I made all of its components fit inside one `nn.Module`

from torch import nn

from classes.EncoderDecoder import EncoderDecoder
from classes.Discriminator import Discriminator

class CycleGAN(nn.Module):
    def __init__(self):
        super(CycleGAN, self).__init__()
        self.encdec1 = EncoderDecoder(encoder_in_channels=3)
        self.encdec2 = EncoderDecoder(encoder_in_channels=3)
        self.disc = Discriminator()
        

    def forward(self, images, images_bw):

        disc_color = self.disc(images) # I want the Discriminator to be trained here
        disc_bw = self.disc(images_bw) # I want the Discriminator to be trained here

        decoded1 = self.encdec1(images_bw) # EncoderDecoder forward pass
        decoded2 = self.encdec2(decoded1)

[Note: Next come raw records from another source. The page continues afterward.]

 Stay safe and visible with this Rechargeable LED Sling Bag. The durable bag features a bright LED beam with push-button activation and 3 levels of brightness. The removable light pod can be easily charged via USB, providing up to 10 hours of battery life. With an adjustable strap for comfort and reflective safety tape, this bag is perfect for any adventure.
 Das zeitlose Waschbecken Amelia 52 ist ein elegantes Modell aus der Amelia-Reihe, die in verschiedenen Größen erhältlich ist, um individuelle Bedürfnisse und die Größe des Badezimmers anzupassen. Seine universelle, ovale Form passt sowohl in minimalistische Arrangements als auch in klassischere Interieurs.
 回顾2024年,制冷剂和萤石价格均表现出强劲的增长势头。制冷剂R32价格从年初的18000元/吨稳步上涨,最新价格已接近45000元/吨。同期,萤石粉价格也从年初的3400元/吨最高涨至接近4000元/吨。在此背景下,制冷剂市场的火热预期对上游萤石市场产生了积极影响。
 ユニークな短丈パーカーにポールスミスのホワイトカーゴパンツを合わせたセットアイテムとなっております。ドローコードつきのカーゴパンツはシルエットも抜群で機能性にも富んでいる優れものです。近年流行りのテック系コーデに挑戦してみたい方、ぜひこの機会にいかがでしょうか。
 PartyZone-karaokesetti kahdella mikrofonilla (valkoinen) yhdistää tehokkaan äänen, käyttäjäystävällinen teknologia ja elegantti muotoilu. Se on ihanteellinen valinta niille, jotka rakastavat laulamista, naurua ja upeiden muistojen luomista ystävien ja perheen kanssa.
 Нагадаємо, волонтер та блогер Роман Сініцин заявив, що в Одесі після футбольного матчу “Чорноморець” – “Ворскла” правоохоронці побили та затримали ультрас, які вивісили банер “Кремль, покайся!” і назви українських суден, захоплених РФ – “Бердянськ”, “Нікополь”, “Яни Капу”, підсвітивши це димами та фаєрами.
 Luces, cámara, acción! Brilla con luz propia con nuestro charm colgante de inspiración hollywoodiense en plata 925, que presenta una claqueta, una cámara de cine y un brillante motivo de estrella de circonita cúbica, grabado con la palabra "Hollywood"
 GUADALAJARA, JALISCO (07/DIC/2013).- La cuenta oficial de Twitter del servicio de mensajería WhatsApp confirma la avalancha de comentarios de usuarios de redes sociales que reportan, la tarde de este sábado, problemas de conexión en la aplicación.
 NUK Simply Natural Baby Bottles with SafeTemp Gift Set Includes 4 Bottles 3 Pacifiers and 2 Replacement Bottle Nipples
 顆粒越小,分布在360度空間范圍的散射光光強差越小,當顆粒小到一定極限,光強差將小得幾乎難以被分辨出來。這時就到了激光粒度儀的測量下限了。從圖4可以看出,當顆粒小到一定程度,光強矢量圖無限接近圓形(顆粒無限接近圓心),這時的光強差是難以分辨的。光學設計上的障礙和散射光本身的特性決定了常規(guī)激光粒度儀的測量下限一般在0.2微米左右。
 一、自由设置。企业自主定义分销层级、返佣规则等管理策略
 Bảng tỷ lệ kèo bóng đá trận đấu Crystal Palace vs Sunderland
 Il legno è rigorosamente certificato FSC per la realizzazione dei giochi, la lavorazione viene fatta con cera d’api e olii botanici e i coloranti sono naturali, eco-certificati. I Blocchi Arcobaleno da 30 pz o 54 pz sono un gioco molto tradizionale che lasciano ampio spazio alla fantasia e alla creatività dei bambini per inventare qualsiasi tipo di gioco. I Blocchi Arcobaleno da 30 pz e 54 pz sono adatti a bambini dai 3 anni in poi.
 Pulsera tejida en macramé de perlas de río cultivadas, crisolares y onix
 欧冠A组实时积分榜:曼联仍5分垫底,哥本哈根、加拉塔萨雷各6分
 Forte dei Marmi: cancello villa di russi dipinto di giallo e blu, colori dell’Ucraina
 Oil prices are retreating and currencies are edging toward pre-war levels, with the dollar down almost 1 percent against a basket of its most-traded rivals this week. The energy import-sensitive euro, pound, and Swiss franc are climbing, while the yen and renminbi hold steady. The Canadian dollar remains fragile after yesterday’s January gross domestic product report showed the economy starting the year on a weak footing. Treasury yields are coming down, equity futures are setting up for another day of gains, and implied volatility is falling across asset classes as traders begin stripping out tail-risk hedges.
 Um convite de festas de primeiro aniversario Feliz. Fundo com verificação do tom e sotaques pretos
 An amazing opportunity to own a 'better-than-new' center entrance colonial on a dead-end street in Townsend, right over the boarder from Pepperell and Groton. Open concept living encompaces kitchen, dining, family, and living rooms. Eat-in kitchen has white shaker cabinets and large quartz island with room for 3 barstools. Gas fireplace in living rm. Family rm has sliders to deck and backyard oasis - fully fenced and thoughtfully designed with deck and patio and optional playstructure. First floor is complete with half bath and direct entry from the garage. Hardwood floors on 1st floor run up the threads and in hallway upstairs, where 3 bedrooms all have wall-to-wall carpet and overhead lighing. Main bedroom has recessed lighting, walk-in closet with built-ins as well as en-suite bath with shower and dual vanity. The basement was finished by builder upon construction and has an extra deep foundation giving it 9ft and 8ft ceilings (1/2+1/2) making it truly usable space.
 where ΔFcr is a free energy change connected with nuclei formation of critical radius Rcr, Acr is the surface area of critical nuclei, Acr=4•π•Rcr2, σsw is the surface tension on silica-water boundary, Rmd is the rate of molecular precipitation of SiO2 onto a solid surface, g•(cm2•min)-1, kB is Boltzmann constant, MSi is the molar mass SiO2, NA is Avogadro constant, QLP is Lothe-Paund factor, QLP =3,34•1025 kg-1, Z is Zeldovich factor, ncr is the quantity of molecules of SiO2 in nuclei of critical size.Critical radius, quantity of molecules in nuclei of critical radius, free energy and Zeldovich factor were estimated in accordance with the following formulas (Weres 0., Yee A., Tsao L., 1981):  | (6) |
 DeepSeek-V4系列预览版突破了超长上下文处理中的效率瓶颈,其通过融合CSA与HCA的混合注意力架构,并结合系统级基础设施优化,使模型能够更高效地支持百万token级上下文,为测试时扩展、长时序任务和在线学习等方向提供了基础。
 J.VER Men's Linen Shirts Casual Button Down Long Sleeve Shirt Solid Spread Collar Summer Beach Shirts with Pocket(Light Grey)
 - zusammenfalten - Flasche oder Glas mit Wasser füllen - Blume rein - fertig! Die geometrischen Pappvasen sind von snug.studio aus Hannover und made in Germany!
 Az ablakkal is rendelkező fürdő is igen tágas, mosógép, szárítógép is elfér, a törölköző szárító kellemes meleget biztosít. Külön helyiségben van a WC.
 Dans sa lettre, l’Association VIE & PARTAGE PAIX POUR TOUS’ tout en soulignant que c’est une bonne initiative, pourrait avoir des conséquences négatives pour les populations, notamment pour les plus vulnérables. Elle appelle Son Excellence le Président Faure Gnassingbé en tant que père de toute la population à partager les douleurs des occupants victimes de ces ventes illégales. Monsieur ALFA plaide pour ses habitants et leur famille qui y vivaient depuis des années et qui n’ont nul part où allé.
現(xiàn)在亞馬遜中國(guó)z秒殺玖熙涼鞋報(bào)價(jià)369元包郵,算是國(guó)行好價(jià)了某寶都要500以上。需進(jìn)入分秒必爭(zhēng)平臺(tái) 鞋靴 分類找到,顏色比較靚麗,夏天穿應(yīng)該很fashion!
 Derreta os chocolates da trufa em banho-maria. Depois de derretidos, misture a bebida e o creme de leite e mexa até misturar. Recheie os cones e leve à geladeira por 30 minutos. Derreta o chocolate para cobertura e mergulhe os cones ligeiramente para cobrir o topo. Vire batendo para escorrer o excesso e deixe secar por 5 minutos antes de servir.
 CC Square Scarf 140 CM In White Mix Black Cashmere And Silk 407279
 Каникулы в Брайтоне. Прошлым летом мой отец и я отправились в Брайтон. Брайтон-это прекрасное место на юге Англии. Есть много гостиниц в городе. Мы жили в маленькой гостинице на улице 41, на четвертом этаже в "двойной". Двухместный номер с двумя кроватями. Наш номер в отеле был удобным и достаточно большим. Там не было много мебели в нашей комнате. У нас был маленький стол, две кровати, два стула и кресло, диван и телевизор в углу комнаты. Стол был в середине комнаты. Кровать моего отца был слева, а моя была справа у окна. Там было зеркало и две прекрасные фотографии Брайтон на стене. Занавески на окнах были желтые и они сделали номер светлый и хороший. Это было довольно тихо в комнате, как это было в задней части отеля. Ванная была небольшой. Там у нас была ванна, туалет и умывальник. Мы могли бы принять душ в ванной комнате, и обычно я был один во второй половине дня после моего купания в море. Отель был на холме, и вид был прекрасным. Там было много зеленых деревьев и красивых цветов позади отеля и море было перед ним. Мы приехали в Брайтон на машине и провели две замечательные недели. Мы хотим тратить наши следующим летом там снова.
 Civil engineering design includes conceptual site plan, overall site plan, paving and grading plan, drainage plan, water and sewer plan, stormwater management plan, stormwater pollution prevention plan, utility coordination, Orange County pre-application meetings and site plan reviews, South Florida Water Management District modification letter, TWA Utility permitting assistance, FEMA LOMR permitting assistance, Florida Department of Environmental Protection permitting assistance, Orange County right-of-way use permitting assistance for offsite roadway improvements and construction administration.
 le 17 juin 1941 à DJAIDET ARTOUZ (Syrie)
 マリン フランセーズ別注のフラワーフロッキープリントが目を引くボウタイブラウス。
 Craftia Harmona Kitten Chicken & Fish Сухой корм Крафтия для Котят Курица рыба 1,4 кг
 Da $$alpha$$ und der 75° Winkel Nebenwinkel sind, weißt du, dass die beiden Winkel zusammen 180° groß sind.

        decoded_disc = self.disc(decoded1)  # I don't want to train the Discriminator here, 
                                            # only the EncoderDecoder should be trained based
                                            # on this Discriminator's result

        return [disc_color, disc_bw, decoded1, decoded2, decoded_disc]

This is how I initialize this module, loss functions and the optimizer

c_gan = CycleGAN().to('cuda', dtype=float32, non_blocking=True)

l2_loss = MSELoss().to('cuda', dtype=float32).train()
bce_loss = BCELoss().to('cuda', dtype=float32).train()

optimizer_gan = Adam(c_gan.parameters(), lr=0.00001)

This is how I train the network inside the training loop

c_gan.zero_grad()
optimizer_gan.zero_grad()

disc_color, disc_bw, decoded1, decoded2, decoded_disc = c_gan(images, images_bw)

loss_true = bce_loss(disc_color, label_true)
loss_false = bce_loss(disc_bw, label_false)
disc_loss = loss_true + loss_false
disc_loss.backward()

decoded_loss = l2_loss(decoded2, images_bw)
decoded_disc_loss = bce_loss(decoded_disc, label_true) # This is where the loss for that Discriminator forward pass is calculated
both_decoded_losses = decoded_loss + decoded_disc_loss
both_decoded_losses.backward()
optimizer_gan.step()

The issue

I don't want to train the Discriminator module based on the EncoderDecoder -> Discriminator forward pass. I do however want to train it based on images -> Discriminator and images_bw -> Discriminator forward passes.

Is it possible to achieve this using only one optimizer for my CycleGAN module?
Can I freeze the Discriminator during the optimizer's .step()?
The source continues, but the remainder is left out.